A U.S. State Department spokesperson said Washington opposes any law that curtails a vulnerable group’s human rights and said governments should work to ensure all individuals can enjoy fundamental freedoms.
“The United States advances efforts around the globe to protect LGBTQI+ persons from violence and abuse, criminalization, discrimination, and stigma, and to empower local LGBTQI+ movements and persons,” the spokesperson said in response to questions about this story.
FEAR REIGNS AT NAIROBI PRIDE
The Kenyan bill would toughen up a colonial-era statute under which gay sex was already illegal, though the older, less detailed law was rarely enforced.
The proposed law would signal the death knell for Kenya’s status as a place of relative refuge for gay people in East Africa as the only country in the region to host refugees fleeing persecution because they are LGBT.

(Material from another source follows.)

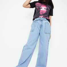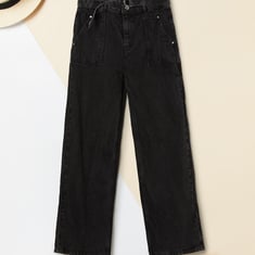 Add a cool, effortless vibe to your wardrobe with these rinsed belted jeans, designed with a classic 4-pocket style. The wide-leg fit offers a laid-back yet trendy look.

The draft bill stipulates that no one should be granted asylum on grounds of persecution linked to sexual orientation.
Anticipation of the new legislation, and the anti-gay rhetoric in politics and the media from public figures such as Ali and Kaluma that has accompanied it, is already casting a chill over the LGBT community, according to organizers of the Pride event in Nairobi this month.
Stella Kachina, one of the organizers, said that unlike in previous years the location was not disclosed in advance out of fear that anti-gay activists would target the event. Instead, participants were picked up and brought to the venue.
Attendee Marylize Biubwa said the current climate was frightening for gay people. “Kenya as a country doesn’t feel like home anymore,” she said.
Both advocates and opponents of the Family Protection Bill say it has a good chance of becoming law, boosted by the enactment of the Ugandan law and well-organized and financed anti-LGBT political campaigners.
Lorna Dias, executive director of the Gay and Lesbian Coalition of Kenya, also cited last year’s election of Ruto.
“The mere fact that we have a religious-leaning president who has openly declared his stand … people have been emboldened by his religious proclamations,” Dias said.